Critics of Starfleet Academy have frequently dunked on the cadet characters for various reasons, including their vulgar language, constant insults, and frequent infighting. Fans of the show have traditionally responded to this criticism by pointing out that, as young characters growing up in a post-Burn galaxy, the cadets should be immature. 

However, one of the show’s biggest problems is that the adult characters were equally immature. The Doctor and Captain Ake have a combined 1200 years between them, but they spend their screentime making poop jokes and laughing at a farting fish. Plus, their dialogue is equally vulgar, with the Doctor infamously declaring that “debate is not for the chickensh*t” and Captain Ake telling her enemy to “blow it out your *ss!”

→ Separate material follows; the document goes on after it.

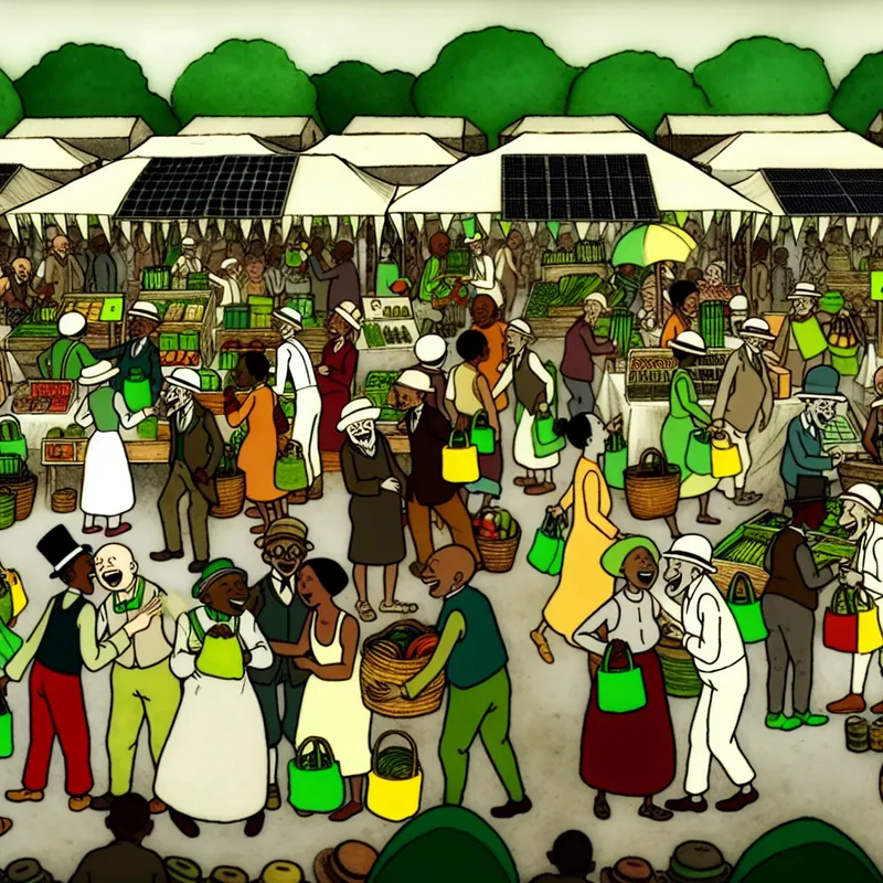 Een levendig cartoonesk tafereel van een drukke markt met diverse mensen die enthousiast duurzame producten kopen.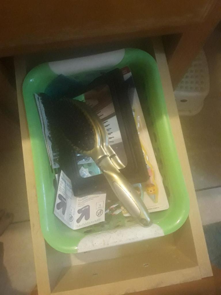 I gathered all the hair stuff (bobby pins, hair ties) and put them in a pink zippered bag I had laying around. I gathered all the “fancy” hair stuff (barrettes, sparkly bobby pins) and put it in a black zippered pouch. I threw out a bunch of combs and bobby pins that were past their prime and kept everything else in the basket that we have in the drawer to keep it organized – term used very loosely since we obviously haven’t been.

What does this have to do with the Season 3 SFA episode that Robert Picardo pitched? Simple: the last thing the show needs is another older character acting just as immature as the younger characters. For example, having daddy issues is part of Genesis’s character, which makes sense because she is supposed to be so young. But both versions of the Doctor are now over 800 years old, making them some of the wisest and most ancient living beings in the galaxy. Why in the name of Neelix’s stinky cheese would either of them have the same kind of daddy issues as a teenager in her freshman year of space college?

Meet The Trauma Teacher

It was already weird enough in Season 1 that Starfleet Academy turned the Doctor into a tragic figure haunted by the death of his holographic son from “Real Life;”; before this, he never even mentioned the kid after the episode. Now, Picardo’s pitch would further tweak his character to explain that, after the better part of a millennium, the backup Doctor is suffering from daddy issues that, like him mourning his son, were never really mentioned before in Voyager. I can’t help but think this would ultimately ruin his character, turning the whimsical comic relief character from a beloved Star Trek show into just another NuTrek character defined primarily by trauma.

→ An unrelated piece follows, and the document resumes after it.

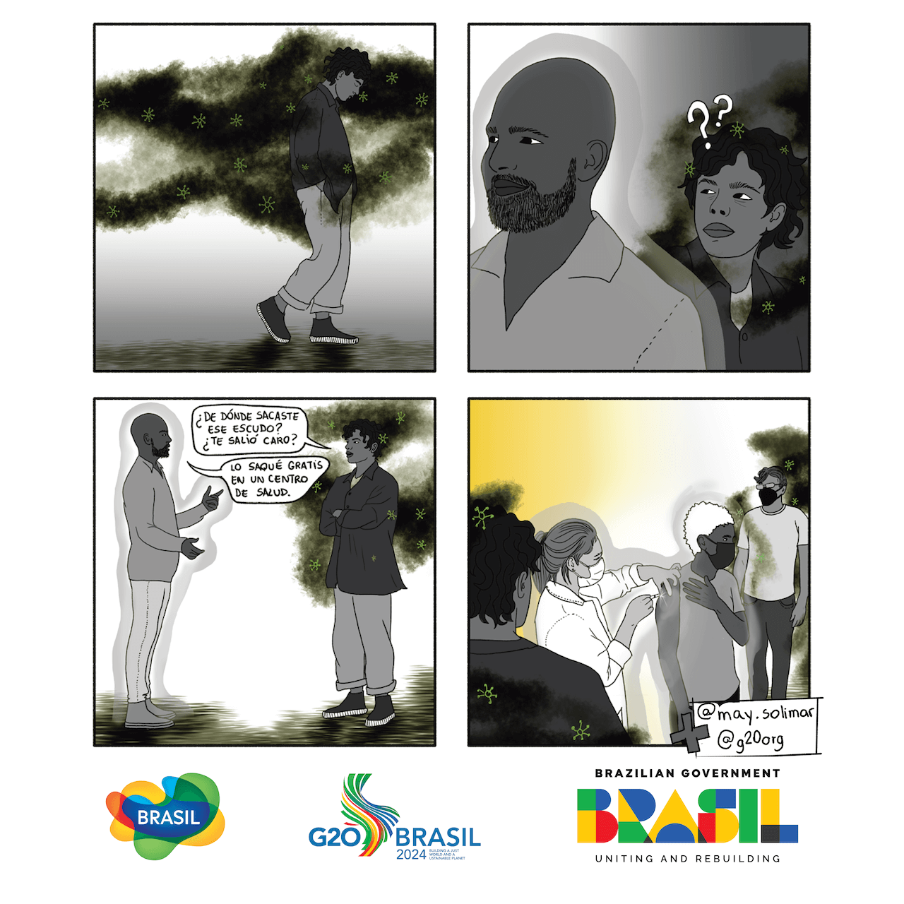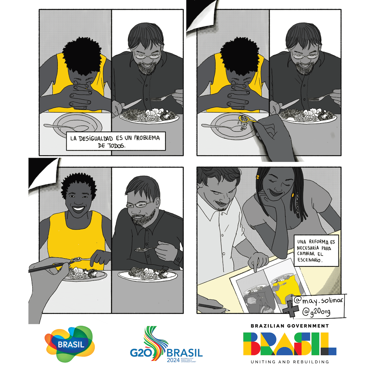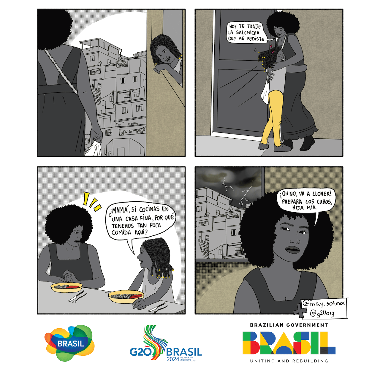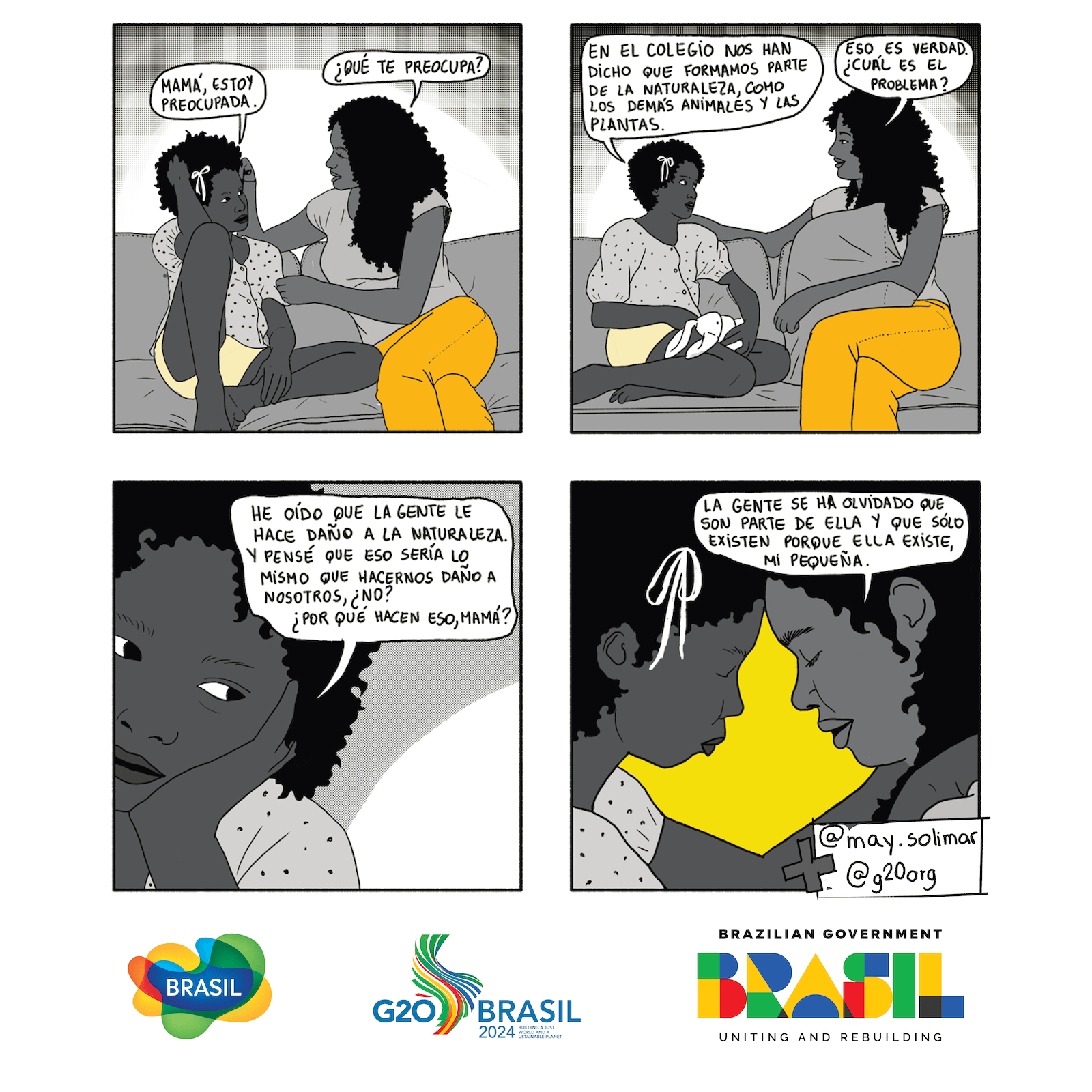 Temas como el clima, la sostenibilidad, el empleo, la economía global y la lucha contra las desigualdades, el hambre y la pobreza están en el centro de los debates globales y también pueden abordarse de forma sencilla y divertida. Esta es la propuesta del G20 en Cómics, en colaboración con May Solimar, publicista, diseñadora, ilustradora y dibujante de cómics. Las historietas de May relatan escenas cotidianas desde la perspectiva de una madre negra que vive en São Paulo, una de las ciudades más grandes de Brasil, y llaman la atención sobre cuestiones como las desigualdades sociales, raciales y de género, la lucha contra el cambio climático y la defensa de los derechos humanos, temas prioritarios de la presidencia brasileña del G20.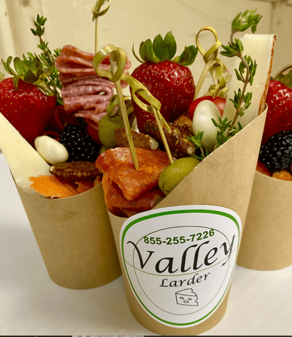 Our cups are stuffed with cube cheese (Havarti; Dill Havarti; Manchego; or Gouda); Salami; fresh seasonal fruit and veggies during winter months; nuts; and decorated with seasonal herbs and edible flowers.

Because of this, I’m glad that Starfleet Academy got canceled. I actually warmed up to Season 1 over time, but it had an insanely rocky first half that made it really hard to love these characters. If Season 3 was going to ruin the Doctor (one of my favorite characters from the Golden Age of the franchise) with Picardo’s pitch, it’s best that the show died. Fans will have to make peace with the fact that the best days of the Doctor are just like the best days of Star Trek: stuck a few decades in the past.